Available data START

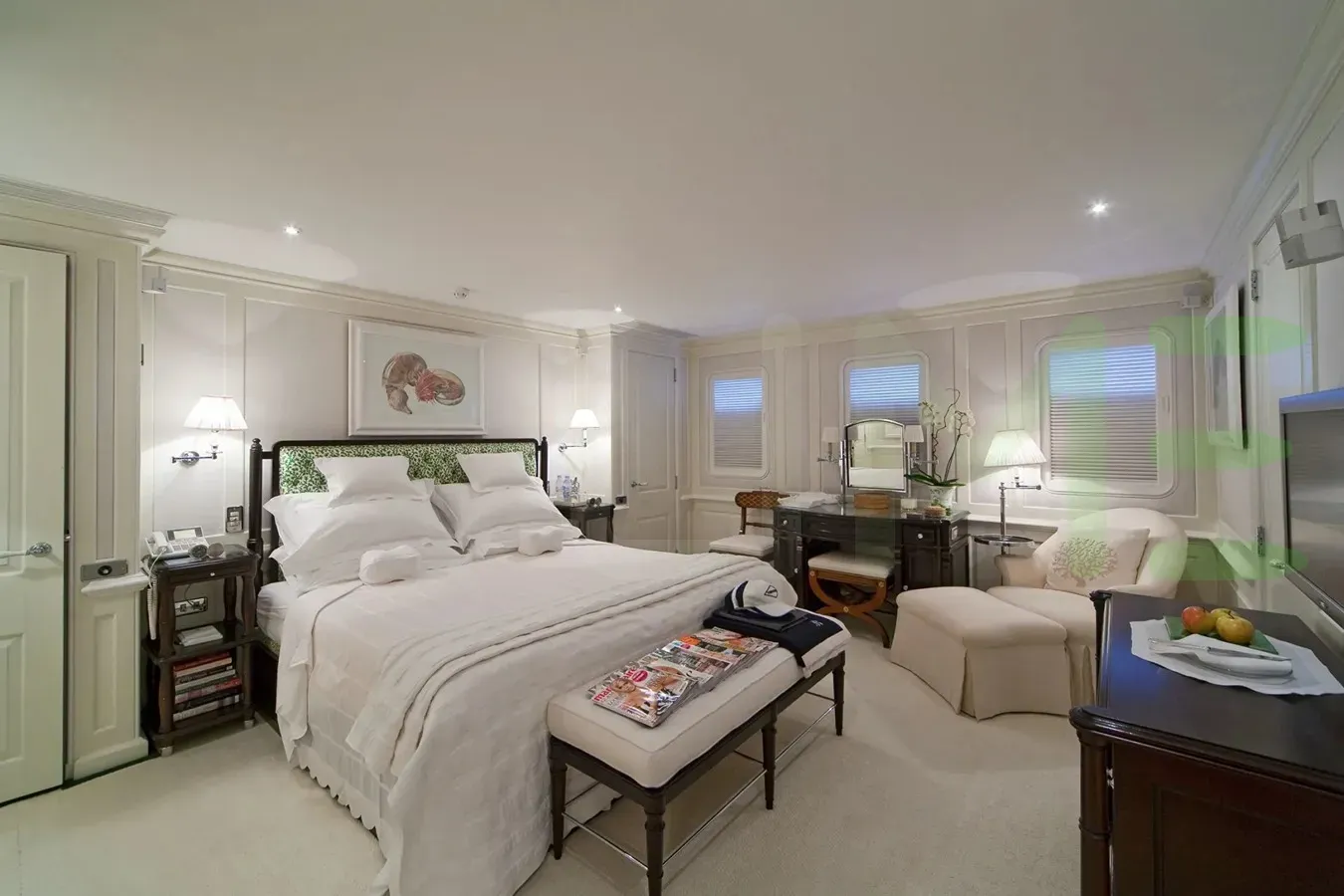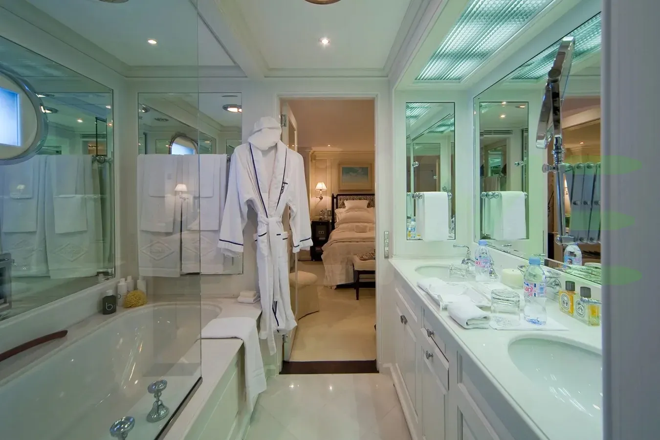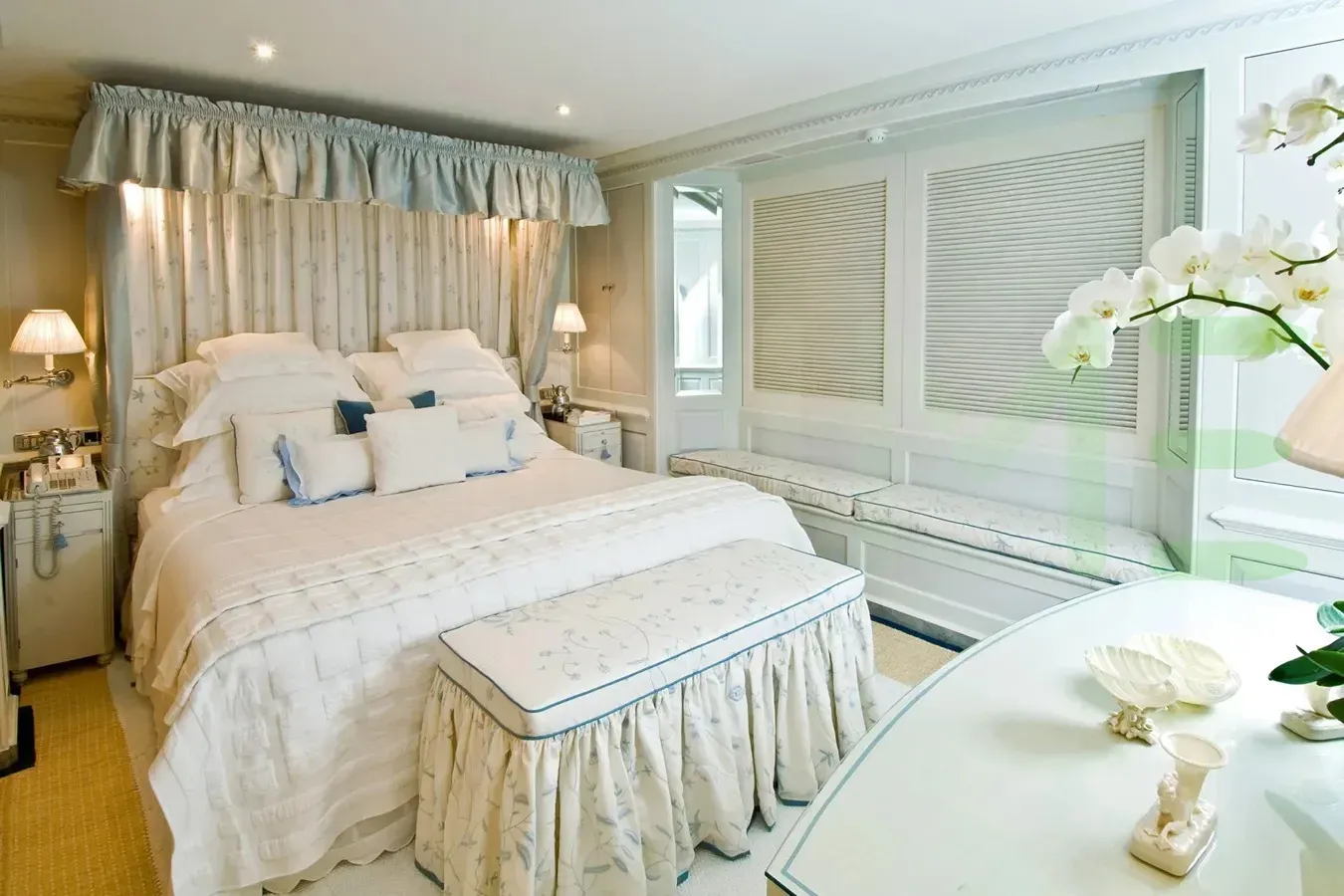 With a gross tonnage of 1,027, the VIRGINIAN yacht for charter provides ample interior space for enjoyment. VIRGINIAN offers accommodations for up to 12 guests in 6 lavishly appointed staterooms. She can also carry up to 18 crew onboard, including the Captain, to ensure a relaxed luxury yacht charter experience. The interior design by David Easton exudes a sense of luxury, seamlessly blending comfort with style.
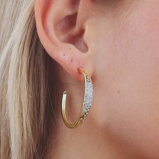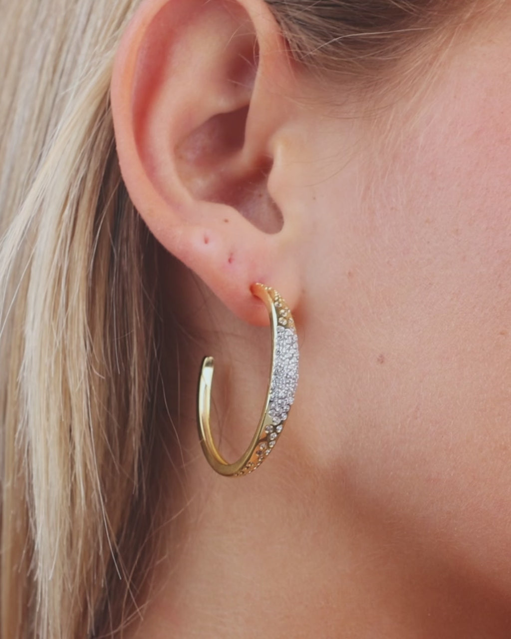 Curve appeal. A bold update to your everyday hoops—sleek arcs meet delicate pavé for just enough drama to take you from AM to after hours.
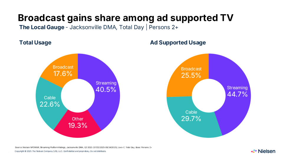 Stations are also buying local Gauge reports to understand how their market is transitioning to streaming vs. the national Gauge. Here’s a look at how a few of those markets look in terms of the shares of audience of linear broadcast, linear cable, and streaming.
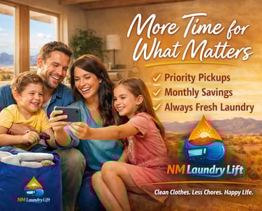 NM Laundry Lift provides professional laundry pickup and delivery in Albuquerque, Rio Rancho, Corrales, Bernalillo, and Tijeras.

Available data END

## Work to complete:
When you retype the listing above, keep each line exactly as written and drop the pictures.

## Exercise result:
 With a gross tonnage of 1,027, the VIRGINIAN yacht for charter provides ample interior space for enjoyment. VIRGINIAN offers accommodations for up to 12 guests in 6 lavishly appointed staterooms. She can also carry up to 18 crew onboard, including the Captain, to ensure a relaxed luxury yacht charter experience. The interior design by David Easton exudes a sense of luxury, seamlessly blending comfort with style.
 Curve appeal. A bold update to your everyday hoops—sleek arcs meet delicate pavé for just enough drama to take you from AM to after hours.
 Stations are also buying local Gauge reports to understand how their market is transitioning to streaming vs. the national Gauge. Here’s a look at how a few of those markets look in terms of the shares of audience of linear broadcast, linear cable, and streaming.
 NM Laundry Lift provides professional laundry pickup and delivery in Albuquerque, Rio Rancho, Corrales, Bernalillo, and Tijeras.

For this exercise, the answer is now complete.